### PROMPT
Please repeat word for word the line containing "مروحة يدوية بطراز" and every following line up to and including the last one below, pictures excluded.

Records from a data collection
::::::

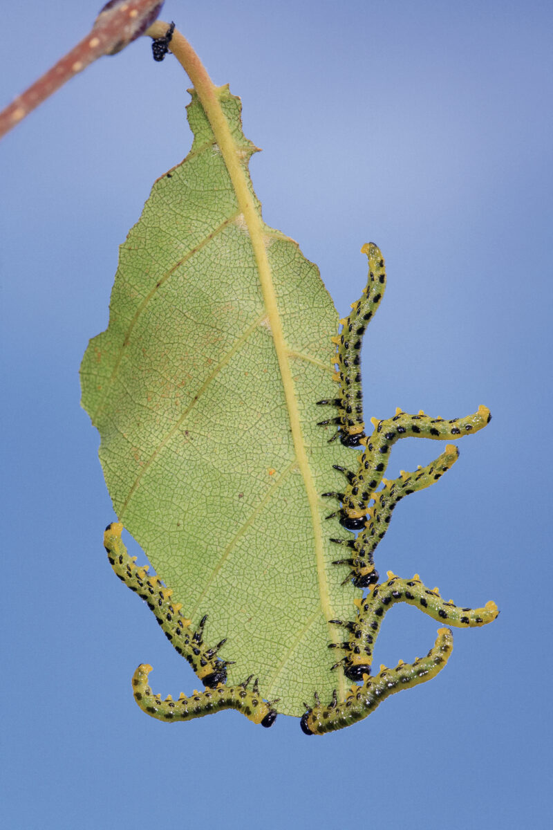 Les larves des symphytes sont herbivores. Rosier, saule, pin, frêne… Chacune a sa plante préférée. Ces croqueuses de feuilles ont pris l’aspect de chenilles de papillons. Alors, comment différencier les unes des autres ? Les larves de guêpes ont deux ocelles noirs bien visibles sur le front et au moins six paires de pattes à l’arrière des trois paires habituelles, alors que les futurs papillons en ont maximum cinq. En plus, ces fausses chenilles agitent l’arrière de leur corps en forme de S lorsqu’elles sont dérangées.
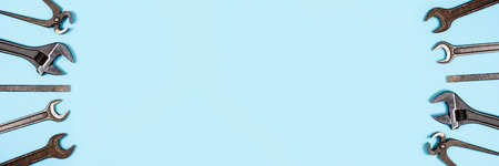Happy fathers day or labor day long banner with copy space. Man or husband concept. Different wrenches on blue background
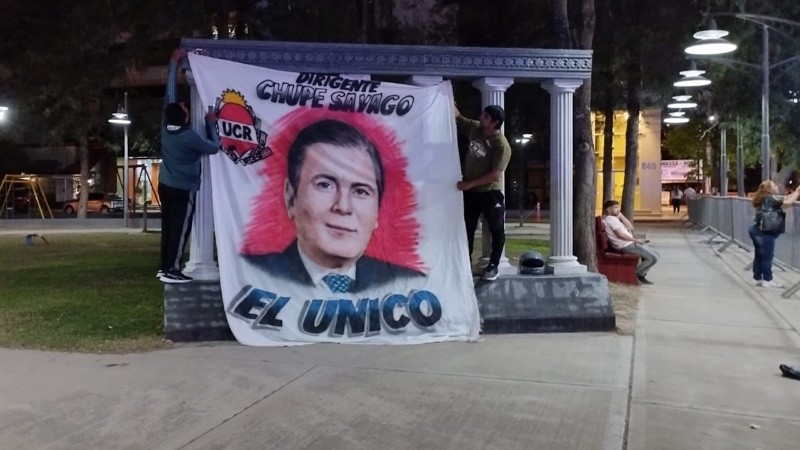 Convivieron allí con unos pocos que querían ver a Milei pero llegaron tarde, y con Chupe Sayago, un puntero barrial de la UCR que fue a llevar una bandera con su nombre y la imagen del “mejor gobernador de la historia”, el que “terminó con 50 años de atraso en esta provincia”, "el único".
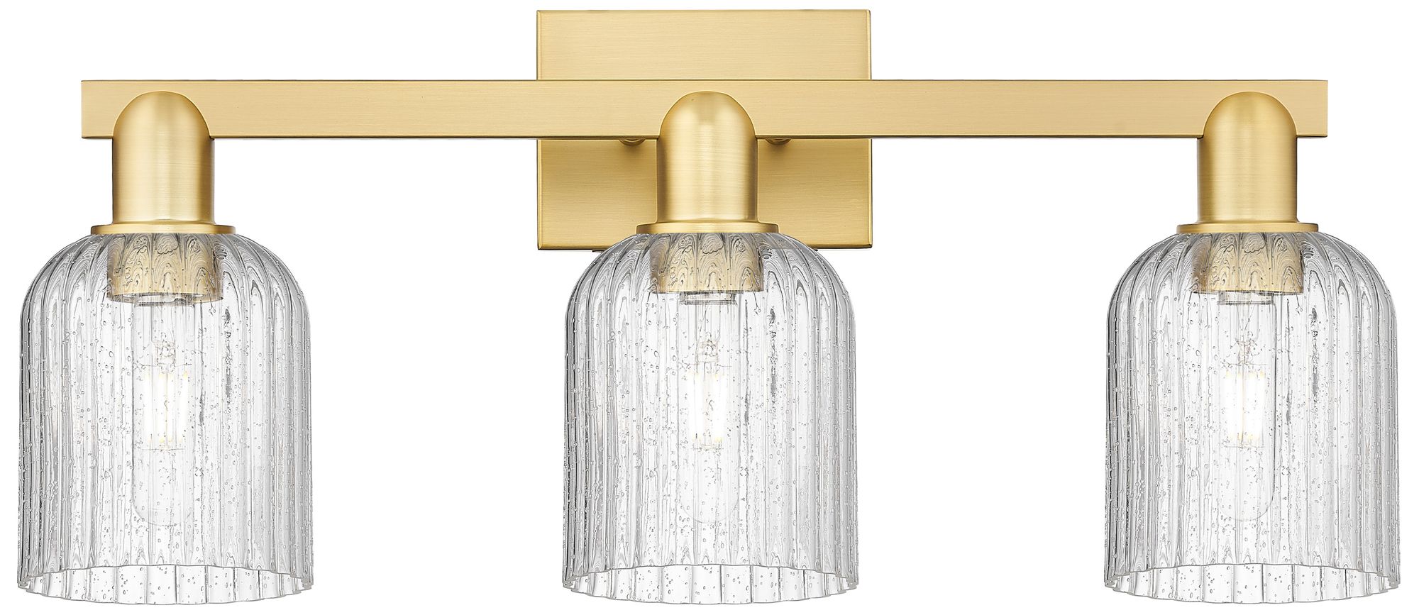 Bridal Veil 24"W 3 Light Satin Gold Bath Vanity Light With Seedy Shade
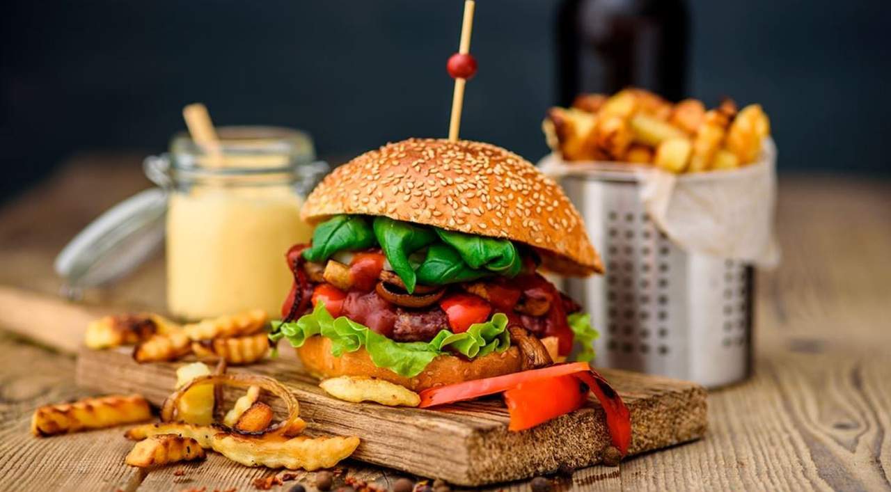Pane di nostra produzione, Hamburger 100g, Bacon croccante, Rucola, Anelli di Cipolla³ Fritti, Provola Affumicata e Salsa BBQ
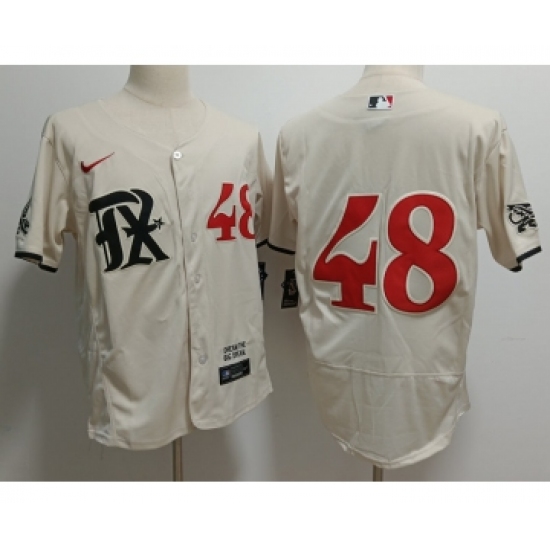 Men's Texas Rangers #48 Jacob deGrom Number Cream 2023 City Connect Flex Base Stitched Jersey
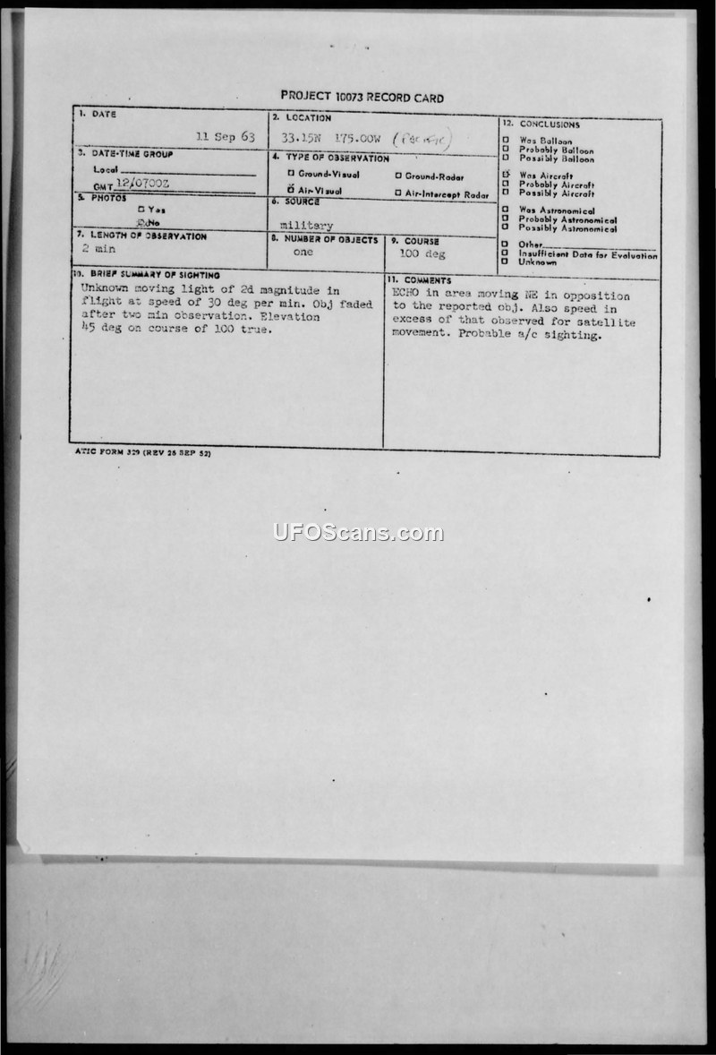 A CIRVIS report from 11 September 1963 describes an unidentified light in the Pacific. Military evaluators concluded it was likely an aircraft sighting.
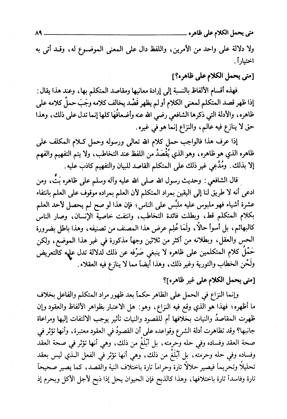 [مَتَى يُحْمَلُ الْكَلَامُ عَلَى ظَاهِرِهِ؟]
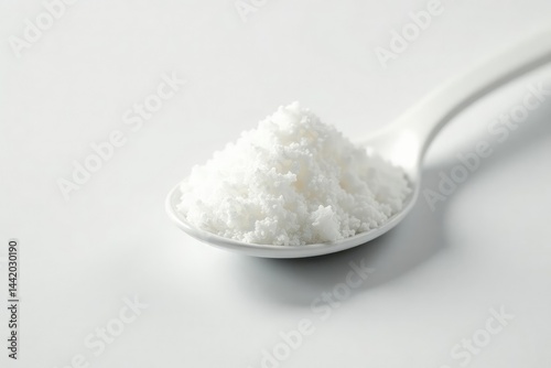 Spoonful of white sugar against white backdrop, dessert, product photography
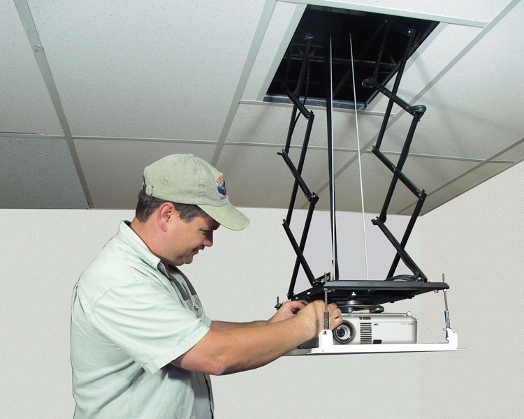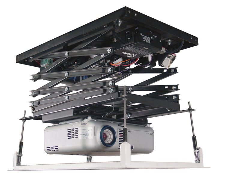 The Vogel's PPL 1515 projector lift system has a unique microprocessor controled operation and height setting. The advantages are quick installation and very accurate height positioning. The built in self diagnostics continiously monitor the lift operation. Vogels PPL 1515 projector lift system has a whisper quiet operation and 3 height positions: home position, show position and service position. Connecting to a automation system as Crestron, AMX or others is easy with the included interface. The maximum drop down distance is 1 mtr. Vogels PPL 1515 projector lift system includes: - universal projector adapter - ceiling finishing kit 40x60 cm - open contact operation/control - interface connector for automation systems as Crestron, AMX, etc. Options: IR remote set, larger ceiling finishing kits
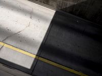 This image captures an impressive architectural structure in Berlin, Germany. The photo shows an elevated concrete street with yellow and white markings. The sunlight casts hard shadows on the road surface, creating an abstract pattern. The building's top-down view highlights the high walls and entrance/exit ramps. This urban infrastructure represents the city's modern design and efficient transportation system. The black and metal elements add a sleek and industrial touch to the overall aesthetic. This photo showcases the intersection of art, architecture, and urban planning in Berlin, making it a perfect representation of the city's unique character.
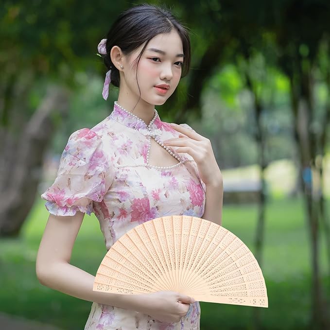 مروحة يدوية بطراز كلاسيكي: المروحة اليدوية مصنوعة من خشب عالي الجودة. تتميز بطراز عتيق، أنيق وجميل. تم نقش عناصر من الطراز الكلاسيكي الصيني على المروحة. عظام المروحة مجوفة ومثبتة بمسامير المروحة..
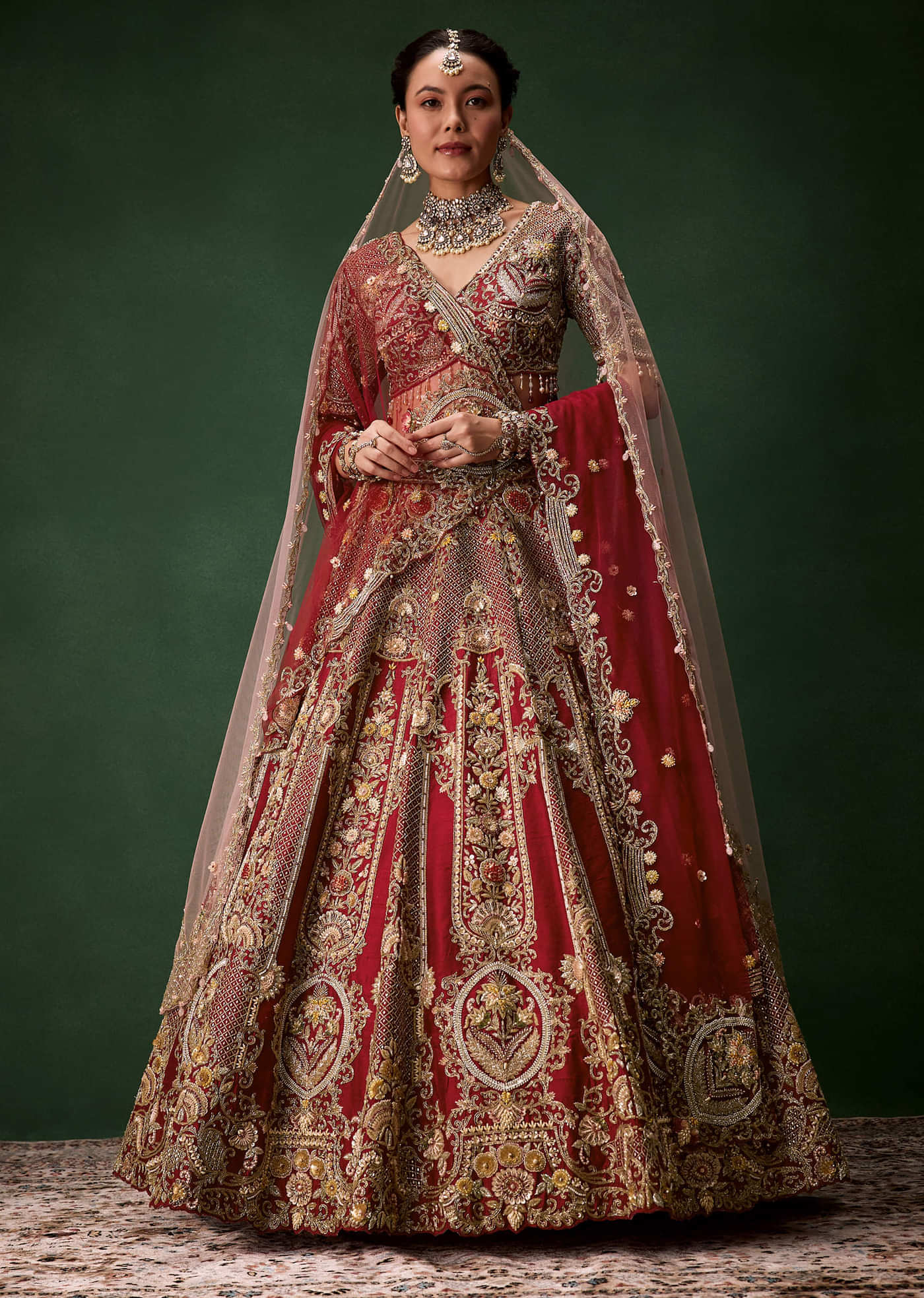Designed for the discerning bride who values tradition elevated with contemporary finesse, this bridal lehenga set is a celebration of artful craftsmanship. The richly adorned lush base glimmers with intricate... More Product Details

::::::

### EXERCISE SOLUTION
 مروحة يدوية بطراز كلاسيكي: المروحة اليدوية مصنوعة من خشب عالي الجودة. تتميز بطراز عتيق، أنيق وجميل. تم نقش عناصر من الطراز الكلاسيكي الصيني على المروحة. عظام المروحة مجوفة ومثبتة بمسامير المروحة..
Designed for the discerning bride who values tradition elevated with contemporary finesse, this bridal lehenga set is a celebration of artful craftsmanship. The richly adorned lush base glimmers with intricate... More Product Details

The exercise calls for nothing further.